Brockville, Westport and North-Western Railway

Overview
- Dates of operation: 1888–1919
- Successor: Canadian Northern Railway Westport Subdivision

Technical
- Track gauge: 4 ft 8+1⁄2 in (1,435 mm) standard gauge

= Brockville, Westport and North-Western Railway =

Railway in Ontario, Canada

The Brockville, Westport and North-Western Railway was a railway in Eastern Ontario, Canada. It was founded in 1884 as the Brockville, Westport & Sault Ste Marie Railway. Construction began in 1886 heading north-west from Brockville, Ontario to Westport, Ontario. The line opened March 4, 1888, between Westport and Brockville. From Lyn Junction to Brockville, the railway used trackage rights on the Grand Trunk Railway. In 1889, the line from Lyn Junction to Brockville opened. In 1894 the company was placed into receivership, and in 1903 it was sold by the court to a New York–based syndicate (Holm-Gerken-Schmitt-King) for $160,000 and re-incorporated as the Brockville, Westport and Northwestern Railway. The line was sold to William Mackenzie and Donald Mann from the Canadian Northern Railway in 1910, and was eventually amalgamated into the Canadian National Railways in 1919.

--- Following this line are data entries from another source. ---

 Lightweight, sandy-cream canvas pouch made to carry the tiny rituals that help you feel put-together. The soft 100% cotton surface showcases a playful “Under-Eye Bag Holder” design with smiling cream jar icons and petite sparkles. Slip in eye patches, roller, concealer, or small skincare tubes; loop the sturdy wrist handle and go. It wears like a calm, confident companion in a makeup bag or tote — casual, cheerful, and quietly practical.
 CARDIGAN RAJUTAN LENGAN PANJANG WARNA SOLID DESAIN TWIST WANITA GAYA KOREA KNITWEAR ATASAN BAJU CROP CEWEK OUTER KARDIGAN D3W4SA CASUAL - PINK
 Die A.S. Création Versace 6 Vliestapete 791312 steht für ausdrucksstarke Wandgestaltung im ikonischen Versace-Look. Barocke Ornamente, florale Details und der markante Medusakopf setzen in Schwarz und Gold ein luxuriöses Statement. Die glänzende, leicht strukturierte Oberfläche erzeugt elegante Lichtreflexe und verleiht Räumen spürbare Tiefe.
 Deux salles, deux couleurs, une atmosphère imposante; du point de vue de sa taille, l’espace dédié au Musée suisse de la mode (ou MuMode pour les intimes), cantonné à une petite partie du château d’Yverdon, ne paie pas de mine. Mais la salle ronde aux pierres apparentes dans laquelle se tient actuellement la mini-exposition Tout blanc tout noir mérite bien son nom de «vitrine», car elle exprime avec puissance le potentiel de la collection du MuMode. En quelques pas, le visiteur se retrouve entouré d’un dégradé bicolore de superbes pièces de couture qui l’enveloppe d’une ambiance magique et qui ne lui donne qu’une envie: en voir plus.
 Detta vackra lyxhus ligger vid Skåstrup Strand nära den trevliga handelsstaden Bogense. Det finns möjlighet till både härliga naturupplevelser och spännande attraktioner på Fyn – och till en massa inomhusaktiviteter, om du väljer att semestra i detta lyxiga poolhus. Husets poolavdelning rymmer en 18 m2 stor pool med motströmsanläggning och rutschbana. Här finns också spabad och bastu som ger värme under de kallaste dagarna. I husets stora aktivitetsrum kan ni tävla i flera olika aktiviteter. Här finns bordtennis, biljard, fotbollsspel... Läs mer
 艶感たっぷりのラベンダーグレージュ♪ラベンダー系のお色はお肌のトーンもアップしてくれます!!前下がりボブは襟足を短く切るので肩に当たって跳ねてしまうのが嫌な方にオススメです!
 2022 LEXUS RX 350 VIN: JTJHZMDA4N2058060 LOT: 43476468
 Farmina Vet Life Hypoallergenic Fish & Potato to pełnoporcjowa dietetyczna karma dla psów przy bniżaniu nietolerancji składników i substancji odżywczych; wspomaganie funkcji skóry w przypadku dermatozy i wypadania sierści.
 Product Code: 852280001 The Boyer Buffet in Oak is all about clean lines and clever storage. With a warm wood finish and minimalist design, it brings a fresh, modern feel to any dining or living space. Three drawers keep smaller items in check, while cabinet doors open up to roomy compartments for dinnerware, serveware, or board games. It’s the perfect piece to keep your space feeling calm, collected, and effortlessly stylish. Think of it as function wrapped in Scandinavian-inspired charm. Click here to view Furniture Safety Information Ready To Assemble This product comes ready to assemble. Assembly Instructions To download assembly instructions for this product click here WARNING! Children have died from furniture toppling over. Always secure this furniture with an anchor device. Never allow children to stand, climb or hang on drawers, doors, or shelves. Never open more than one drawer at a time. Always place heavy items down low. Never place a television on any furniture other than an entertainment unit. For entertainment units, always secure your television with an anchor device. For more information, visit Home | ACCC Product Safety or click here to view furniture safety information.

In 1921, passenger service was maintained by a 20-passenger REO gasoline-powered railcar. The line was abandoned from Lyn Junction to Brockville in 1922, and from Lyn Junction to the Phillips Cables plant in 1925.

An application to abandon the line from Lyn Junction to Westport was filed with the Board of Transport Commissioners in June 1951 and was approved (order number #49236) in 1952. Service ended on the line August 30, 1952, and was scrapped in late 1952 into the summer of 1953.